Only while an execution's replicas are running, start to exit.
Idle cost
Zero only if minReplicas is 0 and no traffic is arriving.
Zero by construction - no work, no replicas, no charge.
Cold-start exposure
Affects user-facing latency. Often worth keeping one replica warm.
Affects total execution time but rarely user-facing. Cold start is part of the cost.
Best when
Work arrives steadily or sub-second; replicas earn their keep by staying up.
Work is bursty, periodic, or sub-hourly; spinning up per execution is cheaper than staying alive.

The pattern that catches people out: a worker service that wakes up once an hour, processes for 90 seconds, then idles. As a Container App with minReplicas: 1 it bills for 3,600 seconds an hour. As a Container App Job it bills for 90 seconds an hour - the other 99% of the time, there is nothing running to charge for.

A four-question decision tree

If you walk through these in order, you almost never end up on the wrong side.

1. Does the work finish?
No · App

If the workload is meant to run forever - serving traffic, holding a connection, polling in its own loop - it is a service. Use a Container App.

Yes · continue

If the workload has a clear end - a report is written, a queue batch is drained, a migration completes - keep going.

2. Who decides when it starts?
A client · App

If a request, a connection, or another service is what causes the work to begin, the input is traffic. Put it behind ingress as a Container App.

A schedule, a queue, or a pipeline · Job

If a cron expression, a KEDA scaler, or a pipeline kicks it off, the input is a trigger. Run it as a Container App Job.

3. Should exiting be a success or a failure?
Failure · App

If the container exiting means something is wrong and you want the platform to restart it, the contract is a service. Container App.

Success · Job

If exiting cleanly means the work is done and the platform should mark the execution complete, the contract is a task. Container App Job.

4. How often does it actually run?
Constantly · App

Steady traffic or near-continuous work justifies a long-lived replica. The bill scales with load, not with idleness.

In bursts or rarely · Job

Periodic, bursty, or sparse work pays for what it uses. Scale-to-zero is free; idle replicas are not.

If all four answers point the same way, the decision is easy. If they conflict, question 3 is the tiebreaker - what should "exited" mean? That answer is almost always the right model.

When you need both

The pairing is the point. Most real applications have at least one of each, and putting them in the same Container Apps environment is the whole reason this design exists.

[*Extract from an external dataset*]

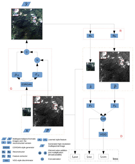 - A discriminator D which takes as input real/reconstructed LRMS-PAN image pairs to calculate feature loss and GAN loss.

A typical stack: an API as a Container App, talking to a database; a queue worker as a Container App Job, scaled by Service Bus depth; a nightly maintenance task as a Container App Job on a cron schedule; an admin tool as another Container App behind internal-only ingress. All four live in the same environment, share secrets and managed identity, log to the same place, and follow the same deployment story.

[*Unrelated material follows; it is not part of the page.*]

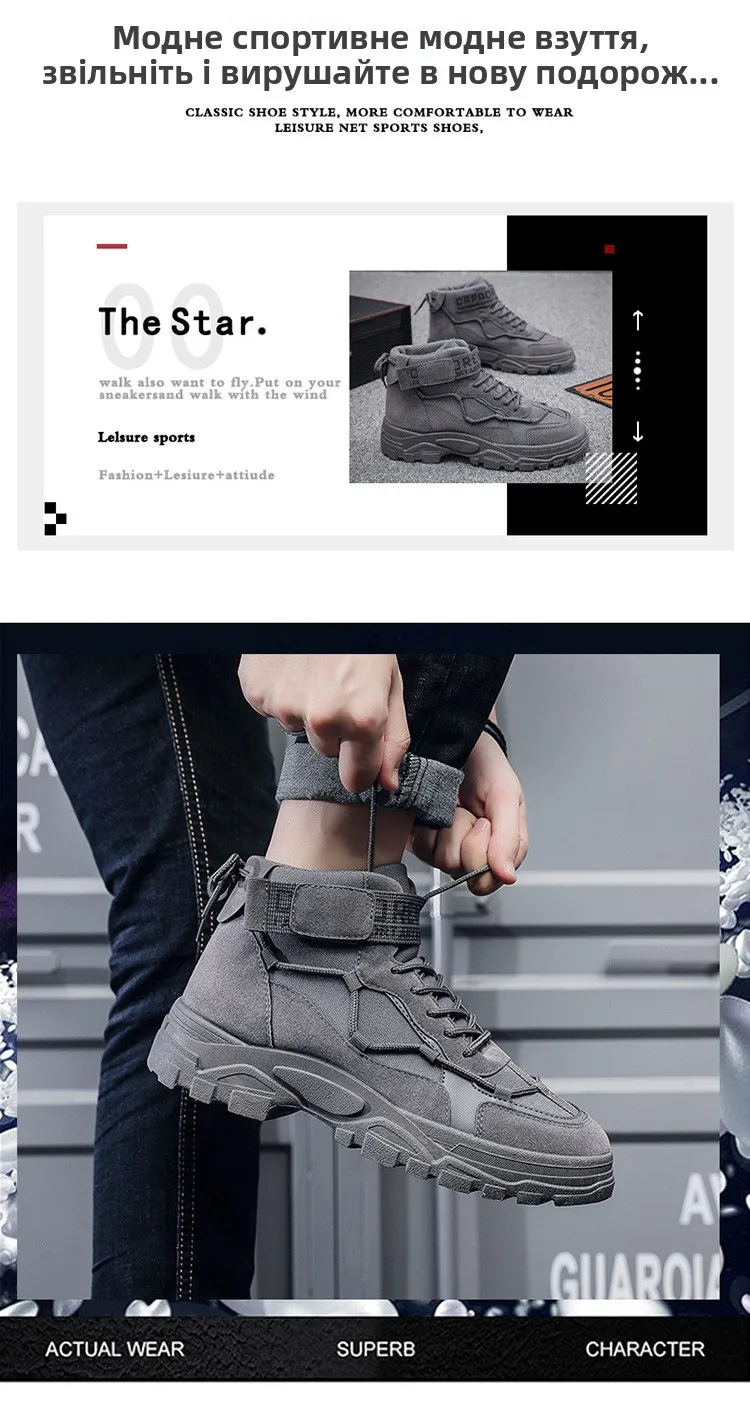 Men's Work Boots Winter New Fce Lined Anti-slip Waterproof Rainproof Warm Boots Korean Sle round Toe Rubber Sole

Notice what is not in that list: a single resource that "sort of does both". When you find yourself wanting one, the answer is almost always to split it into an App and a Job that talk to each other through a queue or a database. The split is the design, not a workaround.

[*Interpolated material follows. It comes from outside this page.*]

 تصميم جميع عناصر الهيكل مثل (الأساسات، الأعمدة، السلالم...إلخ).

If your stack is already modelled in Aspire, this is even smoother - the orchestrator deploys services and jobs to the same environment from the same code, so you don't write the manifests by hand.

RULE

Exit tells you which

If exiting is a failure, it's an App. If exiting is the result, it's a Job. That single test resolves most of the ambiguity.

INPUT

Ingress or trigger

Apps take traffic. Jobs take triggers. Schedules and queue scalers belong on jobs; HTTPS endpoints belong on apps.

BILL

Match it to the work

Steady load pays for staying up. Bursty load pays for showing up - and saves the rest of the time at zero.

PAIR

Run them side by side

One environment, both resources, shared identity and secrets. The pairing is the design, not a workaround.